This seems like an introductory surface integral task but I have problems solving it nonetheless. I would like to calculate surface integral $$ \iint_S x dS $$ where S is this part of sphere $x^2 + y^2 + z^2 = R^2$ contained in the first octant. The answer should equal to $\frac{\pi R^3}{4}$.
I calculated the dS using known equations and obtained $dS = R^2\cos\psi$. What should I do next?
Surface integral was defined as $$ \iint_{\Sigma}f(x,y,z)dS $$
Is my $f(x,y,z) = x$ and I should just map $x = R \cos \varphi \cos \psi$ with $\varphi \in (0, \frac{\pi}{2})$ and $\phi \in (0,\frac{\pi}{2})$(to match first octant) and then just calculate: $$ \int_0^{\frac{\pi}{2}}d\varphi \int_0^{\frac{\pi}{2}} R \cos \varphi \cos \psi \cdot R^2 \cos \psi d\psi $$ ?

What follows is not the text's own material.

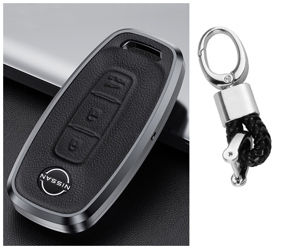 - 新品即決 送料無料 日産 アルミ 黒 本革 スマートキーケース キーカバー キーホルダー ニッサン サクラ アリア B9 エクストレイルT33系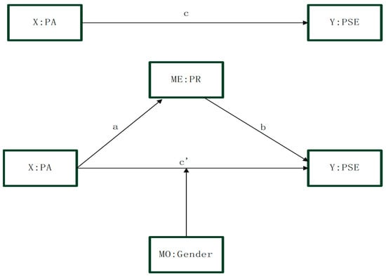 Prior to conducting the analysis of gender differences, we first performed a multi-group confirmatory factor analysis (MGCFA) to establish the measurement invariance of the scale across genders. The results indicated that factor loadings, intercepts, and error variances were equivalent across genders, suggesting that the measurement approach of the scale is consistent across different genders. Consequently, we can confidently proceed with the comparison of gender differences. To evaluate Hypothesis H5, a multivariate analysis of variance (MANOVA) was performed with gender as the independent variable and physical activity, psychological resilience, and physical self-efficacy as the dependent variables. The variance analysis outcomes for gender differences are detailed in Table 11. The following statistical results are all based on the data after logarithmic transformation. MANOVA revealed a significant main effect of gender on high-intensity physical activity (F = 17.440, p < 0.001) and moderate-intensity physical activity (F = 4.338, p < 0.05). Conversely, the main effects of gender on walking time (F = 0.007, p > 0.05) and sedentary time (F = 1.285, p > 0.05) were nonsignificant. A significant main effect of gender was also found for total physical activity (F = 24.407, p < 0.001). However, the main effect of gender on psychological resilience was marginally significant (p < 0.05), which does not support a mediation effect model with gender as the primary moderating factor. Furthermore, a significant main effect of gender on physical self-efficacy was noted (F = 13.469, p < 0.001). Subsequent post hoc multiple comparisons revealed that males presented significantly greater means than females did in high-intensity physical activity (M = 1.8994 vs. M = 1.4916), moderate-intensity physical activity (M = 2.1833 vs. M = 2.0679), walking time (M = 2.2266 vs. M = 2.2221), total physical activity (M = 3.5178 vs. M = 3.3742), psychological resilience (M = 88.55 vs. M = 85.41), and physical self-efficacy (M = 35.36 vs. M = 31.73). Please refer to Table 11 for details.

If not, what is the correct solution?
As Yalikesifulei pointed out in the comments, the solution seems correct: $$ \int_0^{\frac{\pi}{2}}d\varphi\int_0^{\frac{\pi}{2}}R\cos\varphi\cos\psi\cdot R^2 \cos \psi d\psi = \\ = R^3 \int_0^{\frac{\pi}{2}}\cos\varphi d\varphi \int_0^{\frac{\pi}{2}} \cos^2\psi d\psi = \\ = R^3 \int_0^{\frac{\pi}{2}} \frac{1+\cos2\psi}{2} d\psi = R^3 \frac{\pi}{4} $$